Notes on recent (or ongoing) cemetery restoration and preservation projects around Europe
On his Vanished World blog, Christian Herrmann reports on the start August 9 of the SVIT work camp to clean up the vast Jewish cemetery in Chernivtsi (Czernowitz) Ukraine. Over the coming three weeks,14 young volunteers will clean the cemetery of shrubs and vines.
Virtual Shtetl cites an August 6 article from the Kurier Poranny newspaper noting that the clean up of the Jewish cemetery on Wschodnia St. in Bialystok, Poland, has already gotten under way.

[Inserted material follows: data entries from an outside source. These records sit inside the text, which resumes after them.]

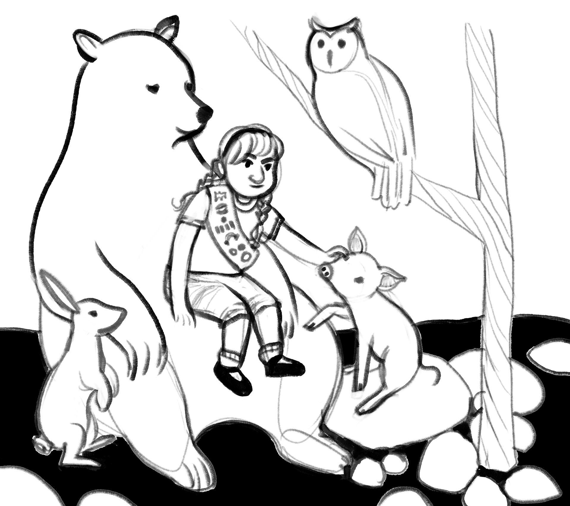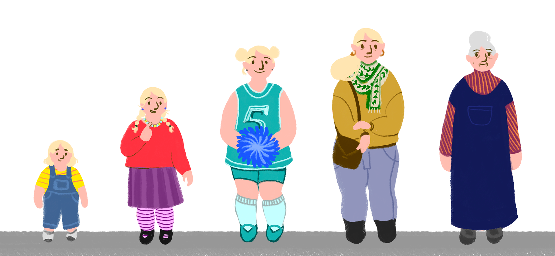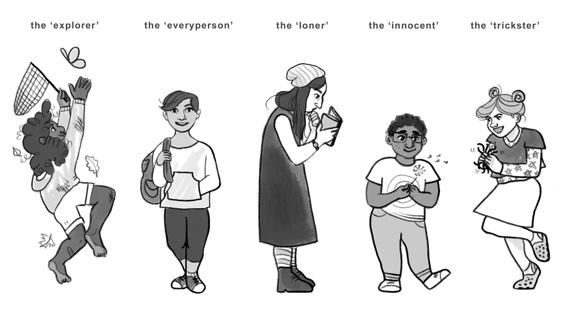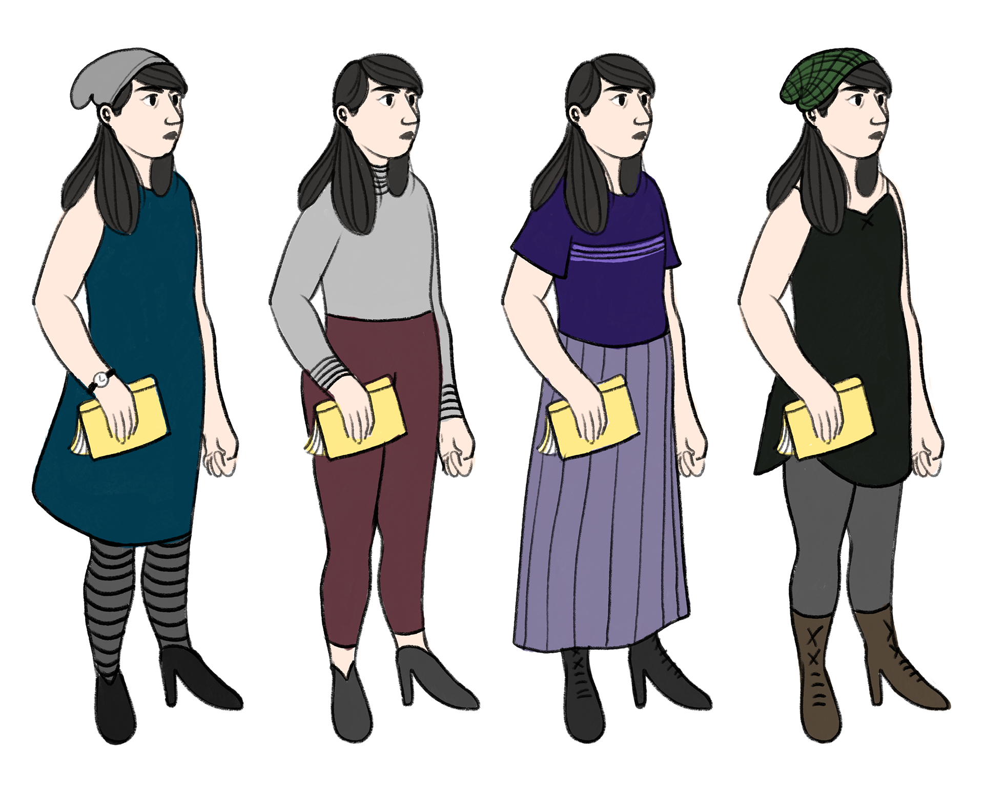 This group of sketches and illustrations were created to explore different aspects of character creation and design: including expressions, turnarounds, outfits, and characters in different life stages.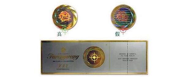 (2)看防伪标记:条盒的正面芙蓉花防伪标记,真烟的印刷在同一侧面看到的只有一个图样;假烟的印刷在同一侧面看到是几个在一起的图样。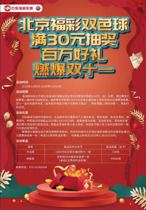 活动期间在北京地区任意福彩销售站购买双色球单张金额超过30元(含)彩票,通过微信扫描票面二维码参与抽奖活动,有机会获得幸运奖1000元北京家乐福购物卡(活动期间每天赠出30张)或赠票奖双色球20元赠票体验券,双十一当天有额外惊喜(当天加赠10张千元北京家乐福购物卡),所有票面二维码均唯一,重复扫码无效。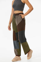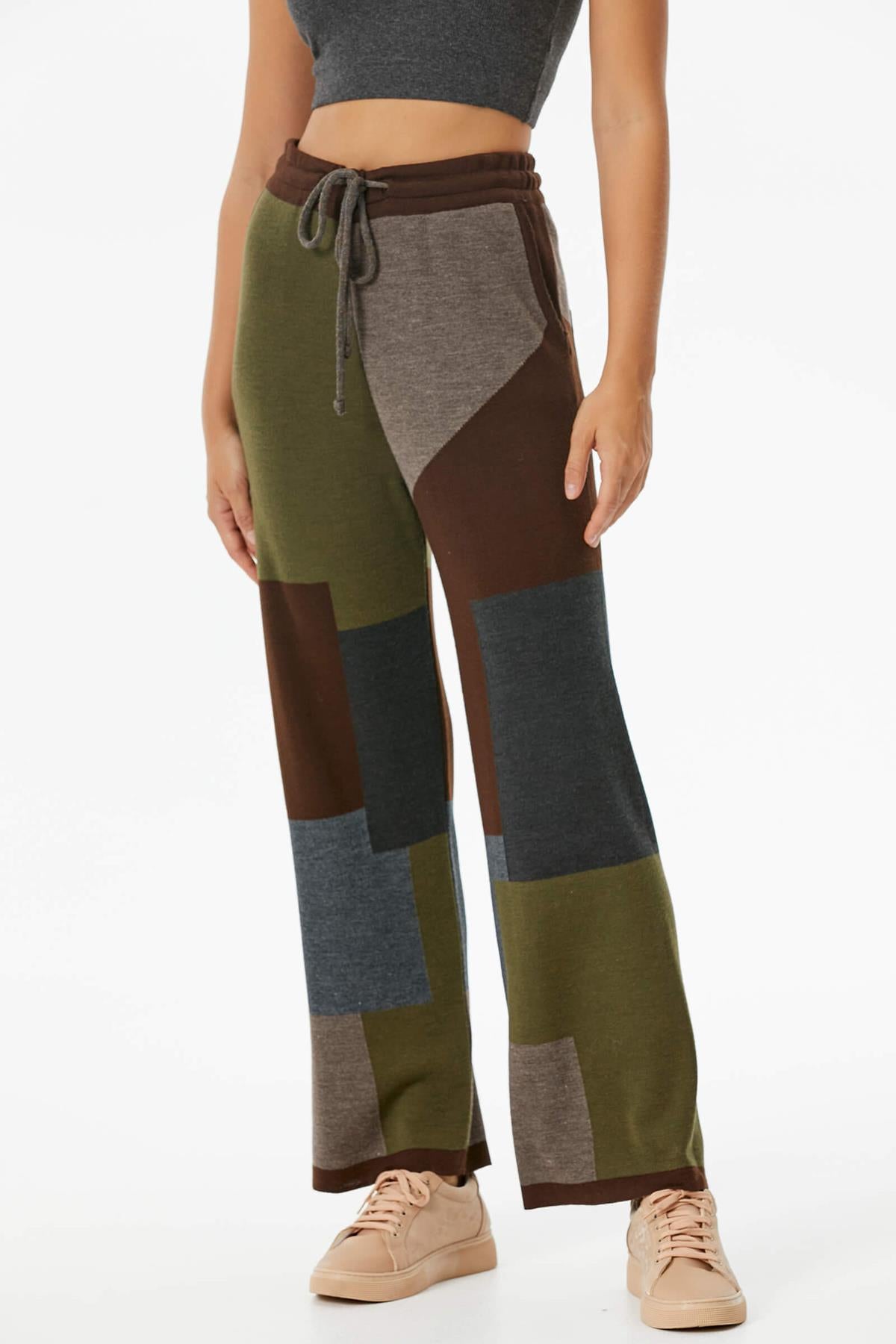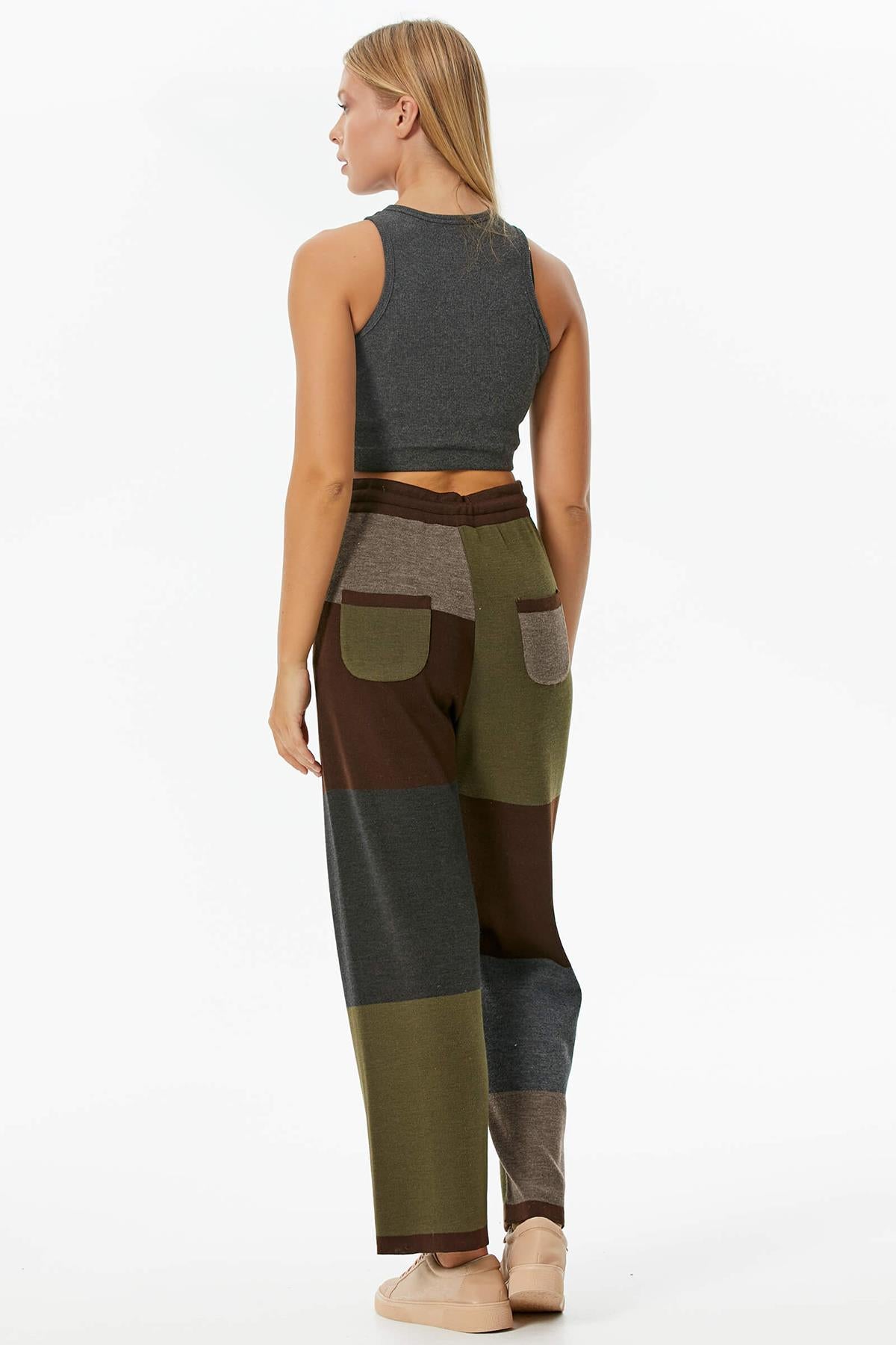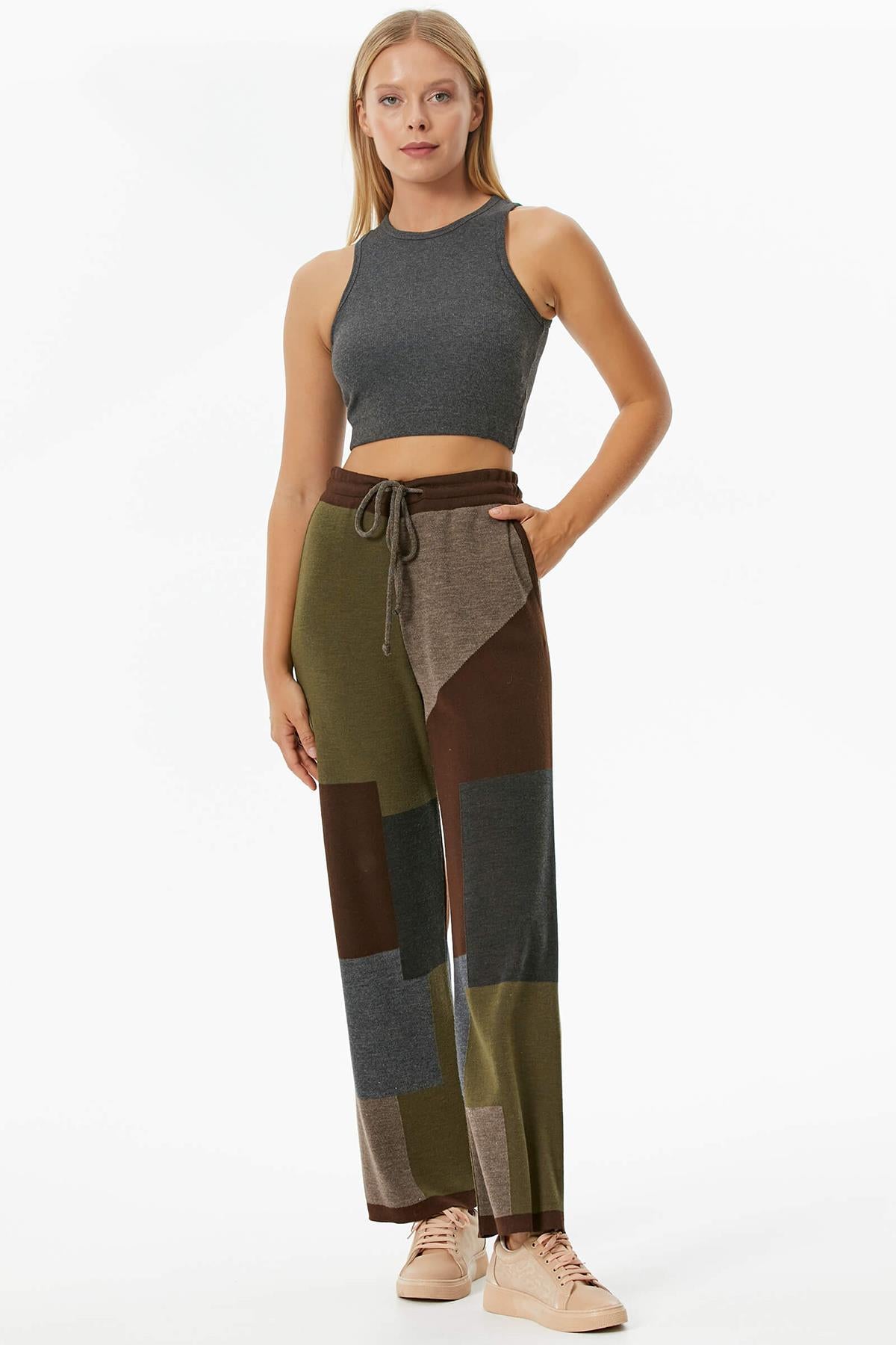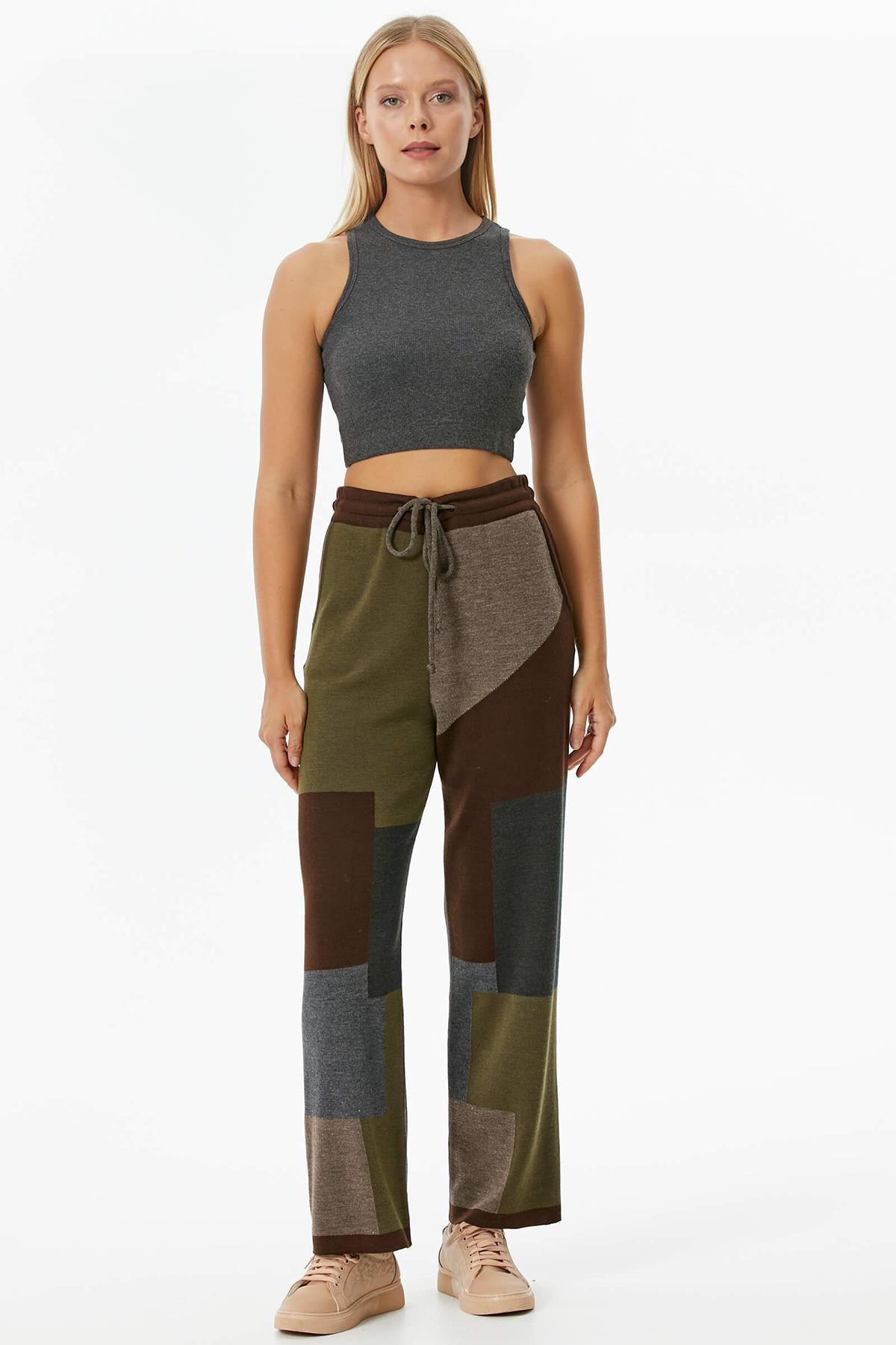 Blok Desenli Renkli Triko Pantolon - Kahve
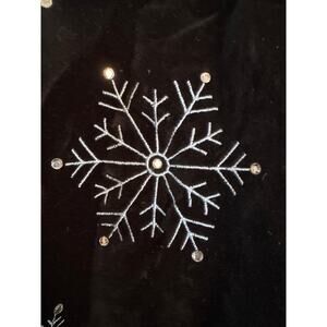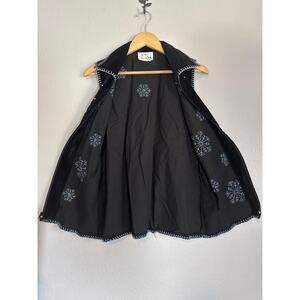 VTG QVC The Quacker Factory black velvet holiday women's full zip up collared vest. Embroidered snowflakes with sequin on front and back. Embroidery along collar, sleeves and hem. PLEASE READ - fabric, care, materials, size tag cut off, see measurements, otherwise great preowned condition. Professional, highly rated seller, quick shipper, open to offers! Multiple vintage items available, bundle to save!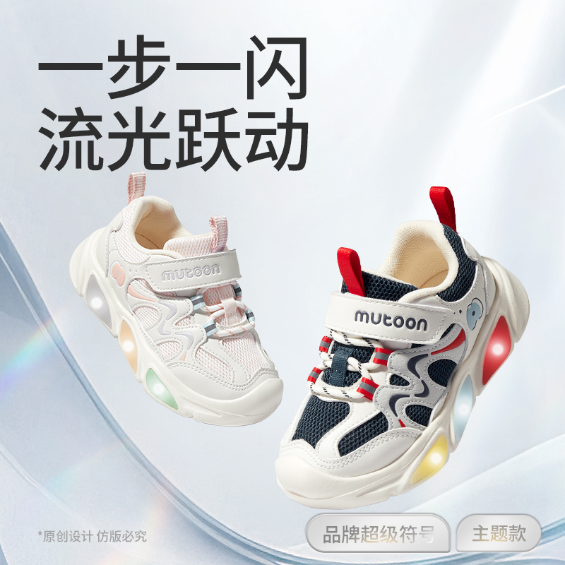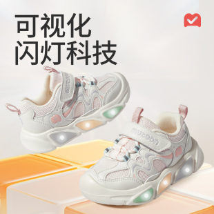 轻便减震女童透气网面跑步鞋 2025秋新款 男童闪灯鞋 牧童儿童运动鞋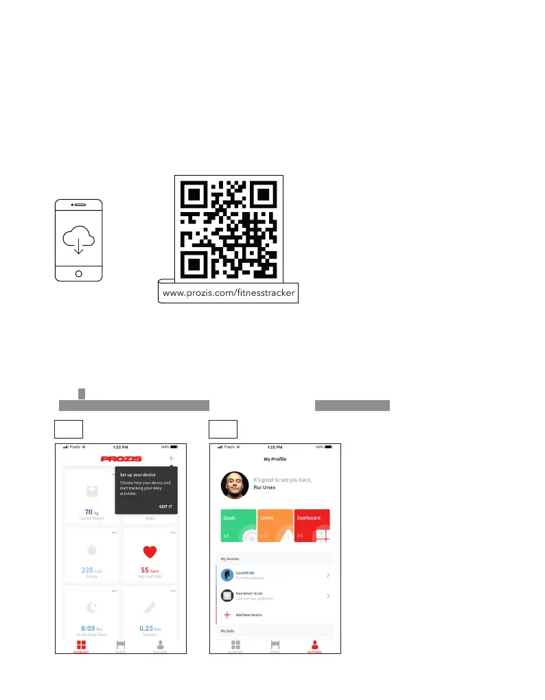 Laden Sie die Prozis Go App aus dem Apple App Store® oder Google Play Store® herunter.

As part of the project launched by Aktion Suhnezeichen Friedensdienste (ASF) and Centrum Edukacji Obywatelskiej Polska-Izrael, young people from Europe are visiting Białystok for the fourth time. This year, they will restore the Jewish cemetery on Wschodnia Street. The group comprises Belarusians, Russians and Germans, who form the majority of the group. They have planned to restore twenty neglected matzevos by removing moss and soil and putting them back in the original place. Each matzevah will have its own plaque in Polish and English. They will also be provided with translations of Hebrew inscriptions on the headstones.
Meanwhile, the Committee for the Preservation of Jewish Cemeteries in Europe (CPJCE) has released a report on the reburial on July 7 of the remains of more than 90 people in a medieval Jewish cemetery in Avila, Spain, that had been discovered during construction work.
The graves were discovered when the local authorities started work on the construction of pipelines in the area. After the unfortunate exhumation of the remains, the local archaeologist together with the Historical Institute carried out intense research and found out that this was part of the over 700-year-old pre-Expulsion Jewish cemetery.
Work was immediately stopped and the Jewish Community in Madrid was informed and together with the CPJCE negotiated with the authorities to rebury all the remains within the original cemetery in accordance with Halacha, and to seal off the area and have it officially recognized and marked as an ancient Jewish cemetery where no construction will be allowed in the future.
The reburial was carried out by members of the Chevra Kadisha of Madrid, in co-operation with a team of experts from the London based CPJCE, with full Halachic guidance of the Rabbinical Board of the CPJCE, headed by Rabbi Elyokim Schlesinger-Dean of Yeshiva Horomo.
The ceremony and special prayers were led by Chief Rabbi of Madrid Rabbi Moshe Ben Dahan and Rabbi Meir Zwiebel of Admas Kodesh (USA) and Rabbi Yeshaya Schlesinger of the Rabbinical Board of the CPJCE.